Available data
*** Block opens ***

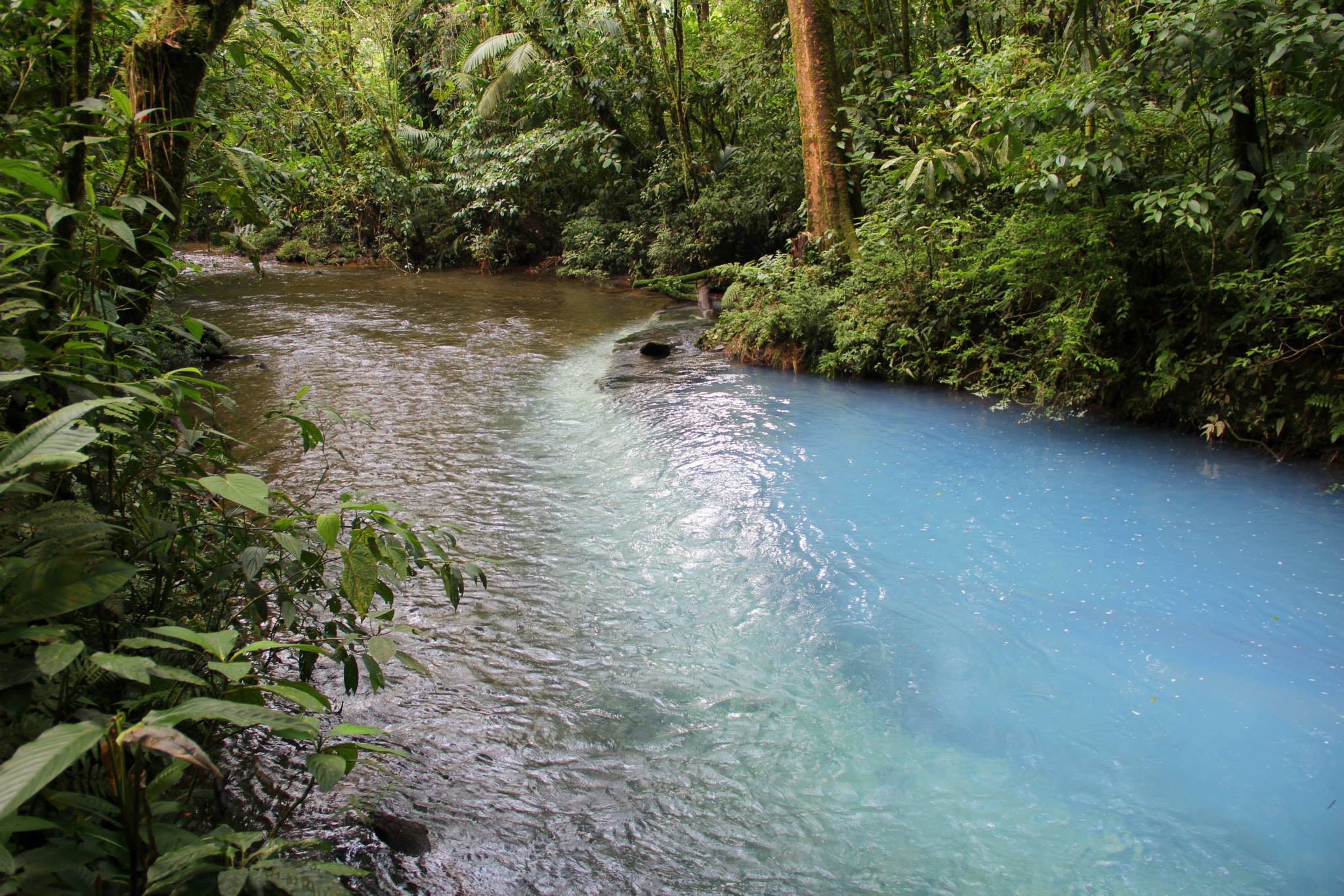 At the Rio Celeste National Park entrance, the rangers offer you a guide and claim that it is necessary… But you can totally do it on your own, just print a map of the trails that you can find online, or ask them to draw it for you. The hike took us 4-5 hrs, including going down and back up for the two waterfall viewpoints (would recommend only one, the one with stairs), and a quick lunch. The trail was very muddy and went up and down a lot, so the hike is more exhausting than one could think. But the views are so worth it. The river, which at times boils with volcanic activity, turns from orange into intense turquoise and explodes in a big waterfall, framed by lush green forest… spectacular!
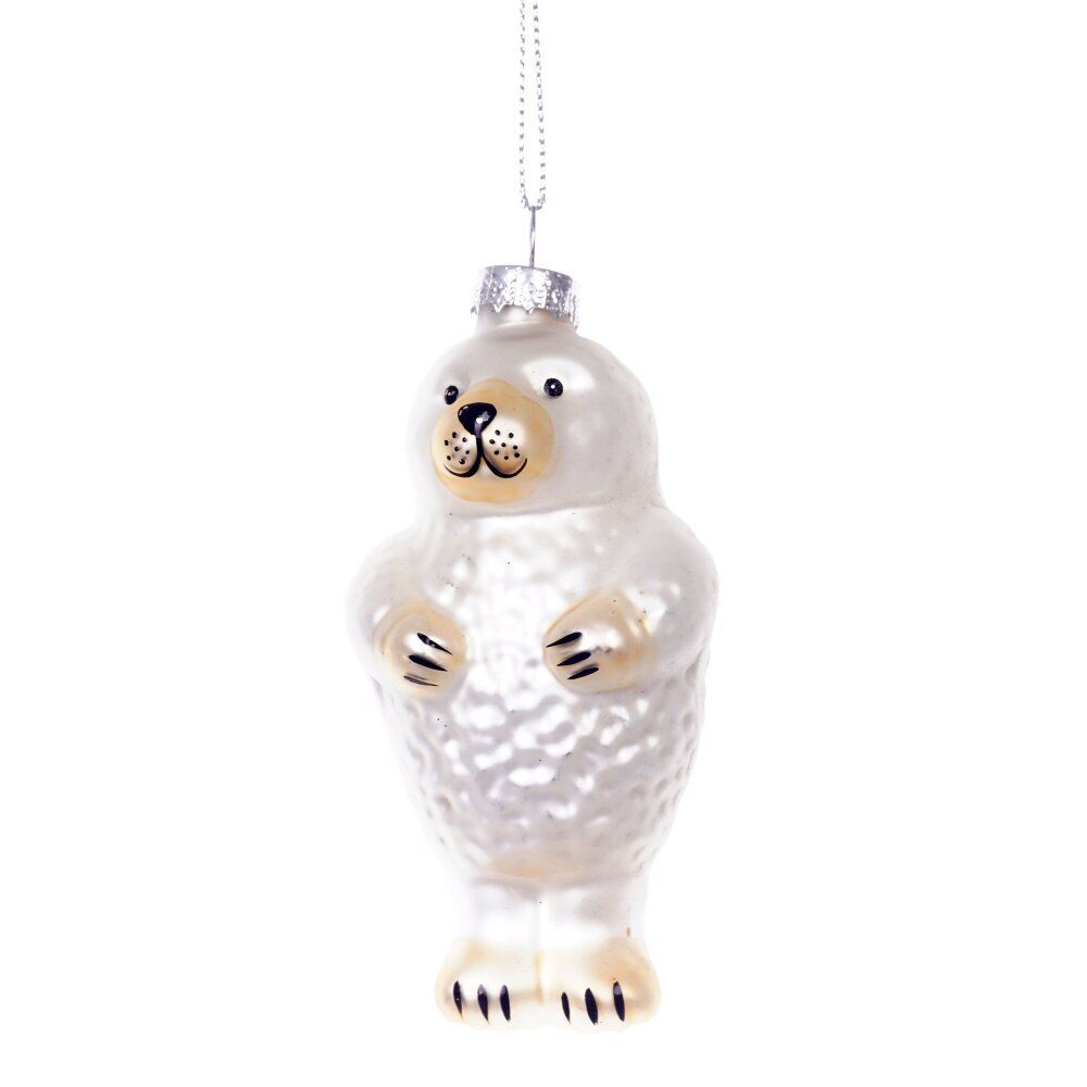 Елочное украшение в виде тюленя из стекла выполнено в изящной бело-серебристой гамме. Блестящая поверхность и утончённые детали придают изделию нежность и праздничный шарм. Такое украшение станет элегантным акцентом на вашей новогодней ёлке и добавит зимней сказочности в атмосферу праздника.
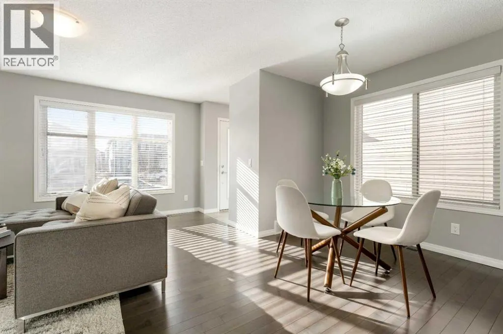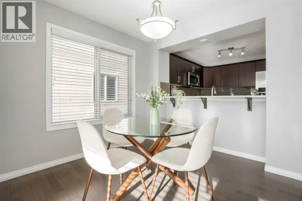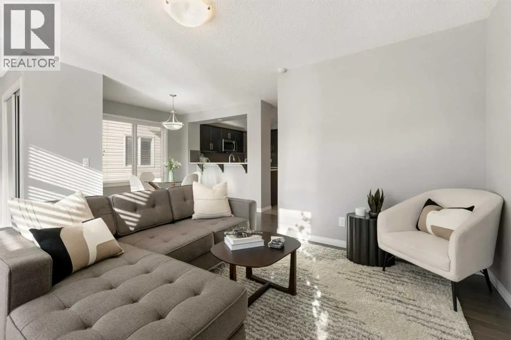 This beautifully appointed end-unit townhome offers 2 bedrooms, 2.5 bathrooms, and a double attached garage with paved rear lane access â all with no condo fees. An excellent opportunity for first-time home buyers or investors, this property combines comfort, functionality, and long-term value. The bright, open main level features hardwood and tile flooring throughout, expansive windows that fill the space with natural light, and a well-designed kitchen complete with quartz countertops and stainless steel appliances. Upstairs, a spacious bonus room provides flexible living space, complemented by two generous bedrooms. The large rear balcony extends your living outdoors, while the unfinished basement offers future development potential to suit your needs. The furnace and ducts have been recently maintained for added peace of mind. Located near parks and walking paths, with convenient access to major highways and the airport, this home offers a practical layout in a well-connected setting. (id:27476)
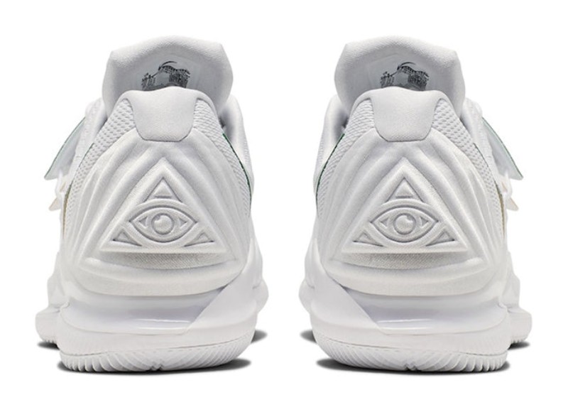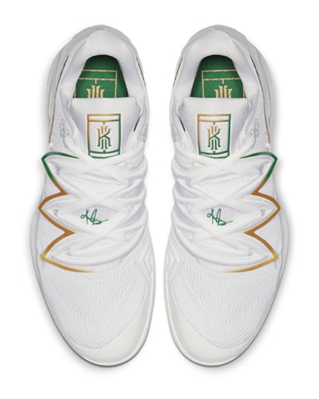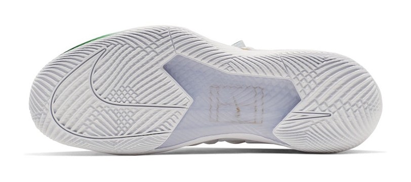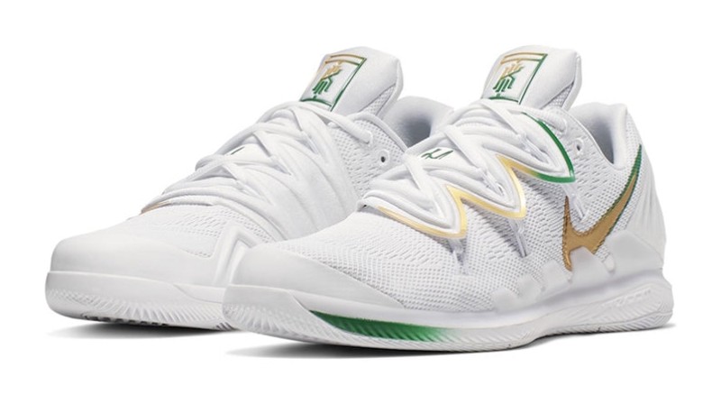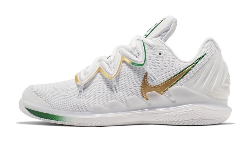 This special collaboration brings together elements of Kyrie Irving's basketball shoe with the performance of the Air Zoom Vapor tennis shoe. This version, released for Wimbledon, features a clean white base with a Venus flytrap-inspired overlay for a locked-down fit. Clover green and metallic gold accents appear on the reversed Swooshes and other details. The design reflects the grass-court theme with a court logo visible through the translucent outsole.

*** Block closes ***

Without copying any picture, repeat the full listing above word for word.

Finished task
 At the Rio Celeste National Park entrance, the rangers offer you a guide and claim that it is necessary… But you can totally do it on your own, just print a map of the trails that you can find online, or ask them to draw it for you. The hike took us 4-5 hrs, including going down and back up for the two waterfall viewpoints (would recommend only one, the one with stairs), and a quick lunch. The trail was very muddy and went up and down a lot, so the hike is more exhausting than one could think. But the views are so worth it. The river, which at times boils with volcanic activity, turns from orange into intense turquoise and explodes in a big waterfall, framed by lush green forest… spectacular!
 Елочное украшение в виде тюленя из стекла выполнено в изящной бело-серебристой гамме. Блестящая поверхность и утончённые детали придают изделию нежность и праздничный шарм. Такое украшение станет элегантным акцентом на вашей новогодней ёлке и добавит зимней сказочности в атмосферу праздника.
 This beautifully appointed end-unit townhome offers 2 bedrooms, 2.5 bathrooms, and a double attached garage with paved rear lane access â all with no condo fees. An excellent opportunity for first-time home buyers or investors, this property combines comfort, functionality, and long-term value. The bright, open main level features hardwood and tile flooring throughout, expansive windows that fill the space with natural light, and a well-designed kitchen complete with quartz countertops and stainless steel appliances. Upstairs, a spacious bonus room provides flexible living space, complemented by two generous bedrooms. The large rear balcony extends your living outdoors, while the unfinished basement offers future development potential to suit your needs. The furnace and ducts have been recently maintained for added peace of mind. Located near parks and walking paths, with convenient access to major highways and the airport, this home offers a practical layout in a well-connected setting. (id:27476)
 This special collaboration brings together elements of Kyrie Irving's basketball shoe with the performance of the Air Zoom Vapor tennis shoe. This version, released for Wimbledon, features a clean white base with a Venus flytrap-inspired overlay for a locked-down fit. Clover green and metallic gold accents appear on the reversed Swooshes and other details. The design reflects the grass-court theme with a court logo visible through the translucent outsole.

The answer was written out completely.